I didn't test for ammonia, nitrite, or nitrate until a few days after I set up the aquarium. I then tested for ammonia, and pH. I noticed there was some ammonia, so I realized the nitrogen cycle had started. I skipped a couple of days then tested pH, ammonia, and nitrite. There was very low nitrite, this time. I skipped a few days, then I retested. Now the ammonia was zero, nitrite was zero, nitrate was ~5 ppm. After three days of getting zero ammonia, zero nitrite, and ~5 ppm nitrate, I got a betta, and a mystery snail.

Ammonia: It was zero for three days in a row. After I got my betta, and snail, it has risen to ~0.25 ppm.

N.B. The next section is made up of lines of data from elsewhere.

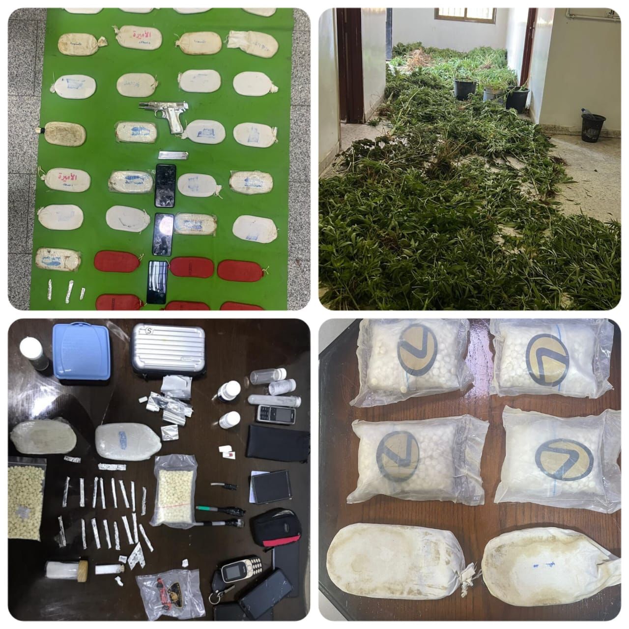 كما وجرى في احدى مناطق غرب البلقاء مداهمة منزل استخدمه مالكه لزراعة اشتال الماريجوانا والقي القبض عليه وضبطت كميات كبيرة من اشتال الماريجوانا داخل المنزل .
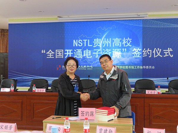 NSTL信息资源中心主任曾建勋和贵州省高校图工委秘书长张伟云进行“全国开通电子资源”签约仪式
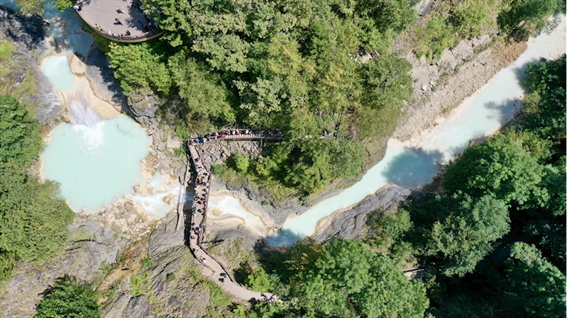 Mürvet Uçak ise travertenlere turla geldiğini ifade ederek, "Bu kadar güzel olacağını düşünmüyordum. Ben Denizli'ye gelin gittim, Pamukkale'yi biliyorum, gerçekten de oraya benziyor. Şaşırdım, hayran hayran buraya bakıyorum. Buranın serin suyu da yaz sıcaklarında insanı serinletiyor." diye konuştu.
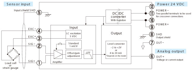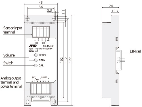 AD-4541-V 和-4541-I 能将重力传感器,压力传感器,应变式传感器及其它信号转换为通用标准信号. 电压输出 (AD-4541- V/-2V到+2 V) 或电流输出 (AD-4541- I/4-20mA).特点:● 超薄,重量轻易于安装● 通过CAL开关控制能执行零点/量程值校准● 为适应各种不同类型的电桥传感器提供宽范围的零调整(±1.6 mV/V)及量程调整(0.4~3.2 mV/V) ● 因为采用弹性夹端子锁紧所以无需配备接线端子,容易连线
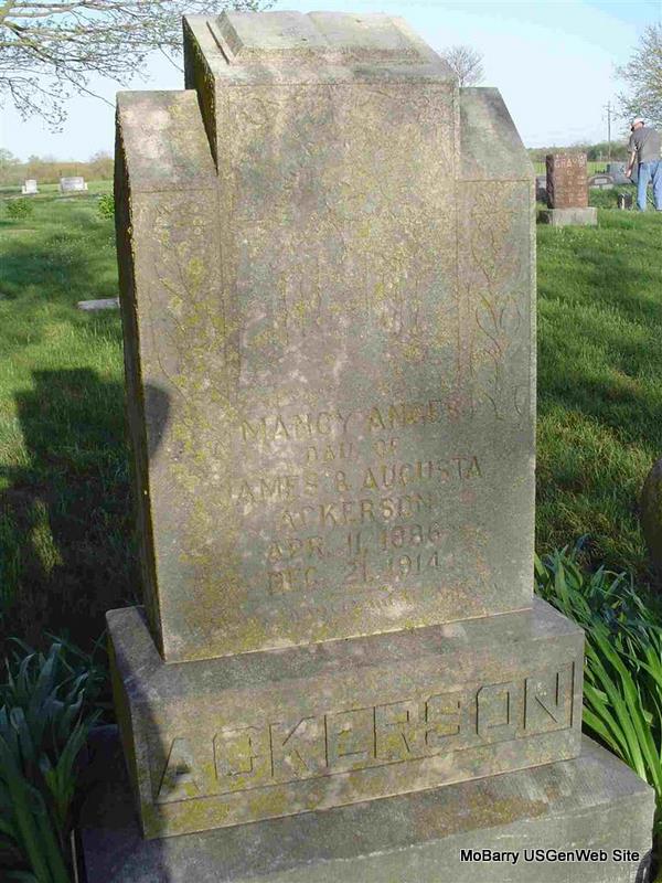 | ACKERSON, Mancy Agnes | Apr. 11, 1886 Lawrence Co., MO |
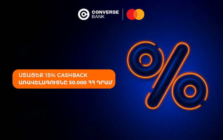 - Գործարքի գումարի 15%-ի՝ մինչև 50․000 ՀՀ դրամի/համարժեք արտարժույթի չափով քեշբեք Կոնվերս Բանկի կողմից,
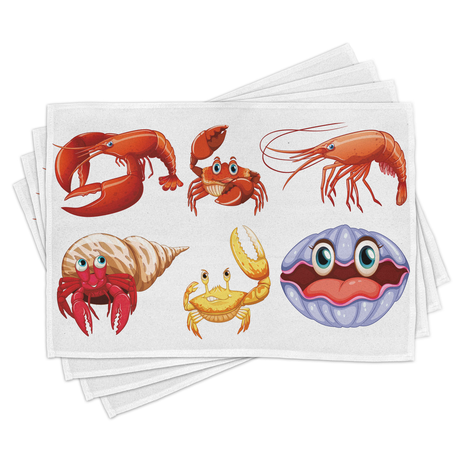 Crabs Placemats Set Of 4 Illustration Of Sea Animals Like Crab Hermit Crab Lobster Shells Shrimp Print Washable Fabric Place Mats For Dining Room Kitchen Table Decor Orange Yellow By Ambesonne Walmart Com

What's weird is that it remained about the same even after a water change.

Nitrite: constantly zero.

Nitrate: fluctuates ~5 ppm. I added more plants, cabomba, so I figure it may go lower.

I use 1 AquaClear 20, filled only with Matrix. The intake has a sponge on it.

Temp: ~ 77 - 78 F (~25C).

I neither do anything else to the aquarium, nor dose anything else. I recently added seven small pebbles to weigh down some HC. However I added the pebbles yesterday, and I have been testing the pH since last week with the mentioned results. I have tested the pH about four times during the week, or so, when I set up the aquarium, each time with the same results. I have tested the RO water twice.

At first I figured it was the substrate, however Seachem states that neither Flourite, nor Flourite Black Sand will affect the pH.

Again, I am not concerned with the pH. It is not fluctuating in the aquarium. Obviously it rises from the ~6.5 to ~7.5 pH once in the aquarium, however it seems to remain stable once it rises to ~7.5 pH.

I am not wanting to change the pH, nor enhance it artificially. I would prefer it remains constant at a higher level than I wanted, than to artificially alter it. I only would like to understand why it is happening.


----------



## pandragon (Jul 10, 2014)

Ph changes drastically with ro water since ro water has nothing else in it to keep ph stable. Tap water has naturally (and artificially if your tap is city water) minerals like calcium carbonate that help maintain a stable ph when the water comes in contact with any liquid or gas that acts like an acid. Co2, for instance, lowers ph while it is dissolved in the water but once the plants use the co2 or the water gets stirred up by say a bubbler, the co2 trades places with other gasses and the ph rises. You might have lower ph at night when the plants are not using the co2 for growth. If you decide to inject co2 you will have to add crushed coral, lime, or another form of calcium to keep the ph from dropping too low, but you could maintain a constant ph by adding co2. But injected co2 is better left explained by the experts here.


----------



## TankAaron (Aug 8, 2014)

I understand that. However that doesn't explain why my pH is rising to ~7.5 in the aquarium. If it was due CO2 from Excel, my pH would go lower than ~6.5, the level my RO water starts at, not higher.


----------



## pandragon (Jul 10, 2014)

Excel isn't co2, its some other things some plants can use the carbon from. I am no chemist and have never use it, but itsn't the same as co2 dissolved from the air or injected from high pressure tanks. Pure water is corrosive and unstable and binds with lots of stuff in the air and tank to stabilize its ph. Ammonia can change ph as well given enough of it in the water, not sure what .25ppm would do. It is really hard to say exactly what made the water go to 7.5 rather than 7 (neutral) other than that water is more stable at 7.5 with whatever is in the environment of your water. Without a constant acid source water likes to stay over 7 in my experience.


----------